Career NFL statistics
- Total tackles: 83
- Sacks: 1.5
- Forced fumbles: 3
- Fumble recoveries: 1
- Interceptions: 2
- Stats at Pro Football Reference

= Jaiquawn Jarrett =

American football player (born 1989)

Jaiquawn Jarrett (born September 21, 1989) is an American former professional football player who was a safety in the National Football League (NFL). He played college football for the Temple Owls and was selected by the Philadelphia Eagles in the second round of the 2011 NFL draft.

==Professional career==

===Pre-draft===

Jarrett was projected to be drafted in the third or fourth round of the 2011 NFL draft.

Pre-draft measurables
| Height | Weight | Arm length | Hand span | Wingspan | 40-yard dash | 10-yard split | 20-yard split | 20-yard shuttle | Three-cone drill | Vertical jump | Broad jump | Bench press |
| 5 ft 11+7⁄8 in (1.83 m) | 198 lb (90 kg) | 32+1⁄4 in (0.82 m) | 10 in (0.25 m) | 6 ft 3+3⁄4 in (1.92 m) | 4.69 s | 1.58 s | 2.69 s | 4.14 s | 6.95 s | 30.5 in (0.77 m) | 9 ft 5 in (2.87 m) | 17 reps |
All values from 2011 NFL Scouting Combine/Pro Day

===Philadelphia Eagles===
Jarrett was selected by the Philadelphia Eagles in the second round (54th overall) of the 2011 NFL draft.
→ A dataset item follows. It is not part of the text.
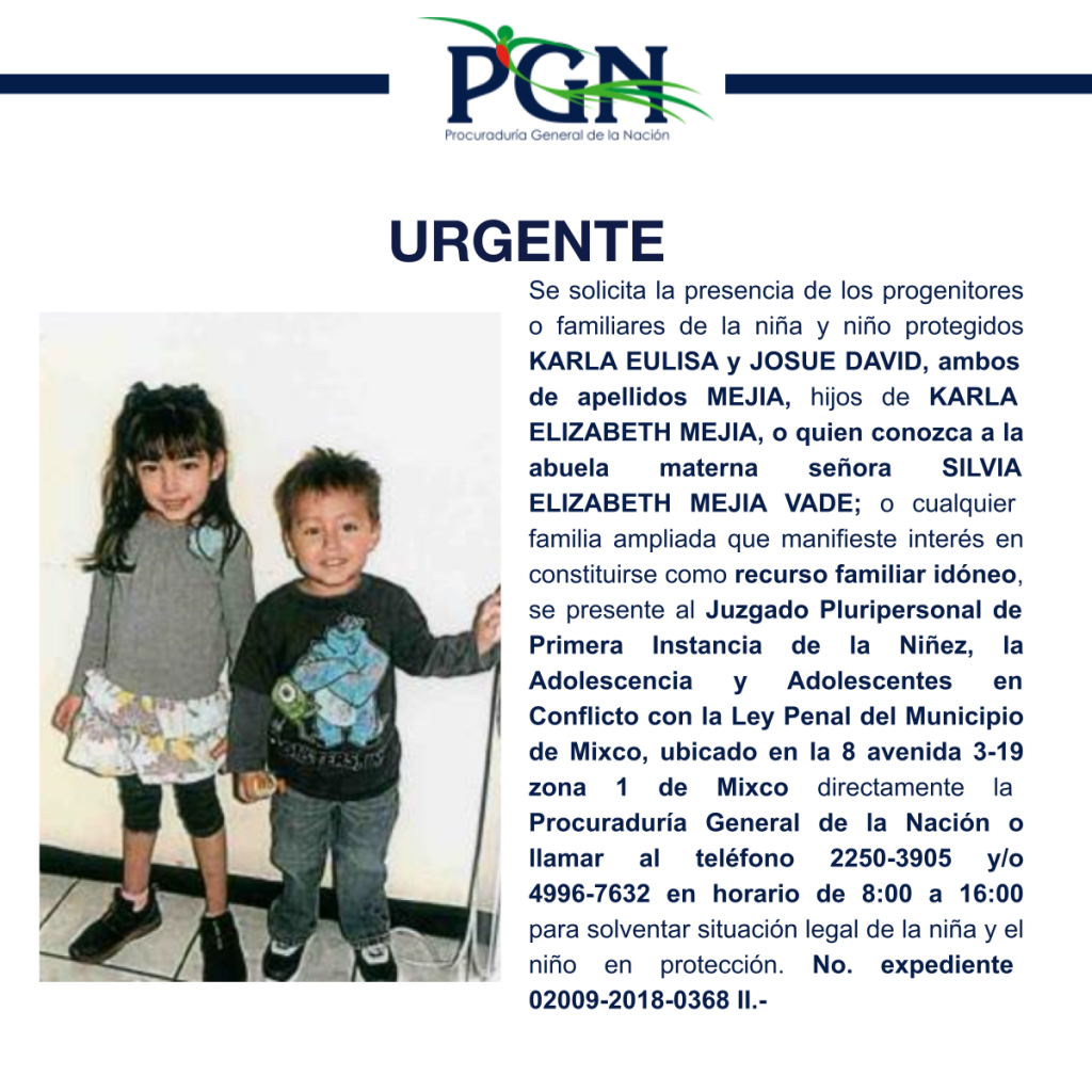 KARLA EULISA y JOSUE DAVID, ambos de apellidos MEJIA PGN Comunicación Social hace 5 años KARLA EULISA y JOSUE DAVID, ambos de apellidos MEJIA Por: Comunicación Social Comparte en redes sociales

He was signed to a four-year contract on July 27, 2011. Jarrett was released by the Philadelphia Eagles on September 11, 2012.

===New York Jets===
Jarrett signed a future/reserve contract with the New York Jets on December 31, 2012. Jarrett entered the 2013 preseason competing with Antonio Allen for the starting free safety job. Jarret had his breakout performance against the Steelers in 2014, earning 2 interceptions, 10 tackles, a sack, and a fumble recovery.

On April 24, 2015, Jarrett signed the one-year, restricted free agent tender to stay with the Jets. He was waived/injured by the Jets on October 24. After clearing waivers, the Jets placed him on injured reserve three days later.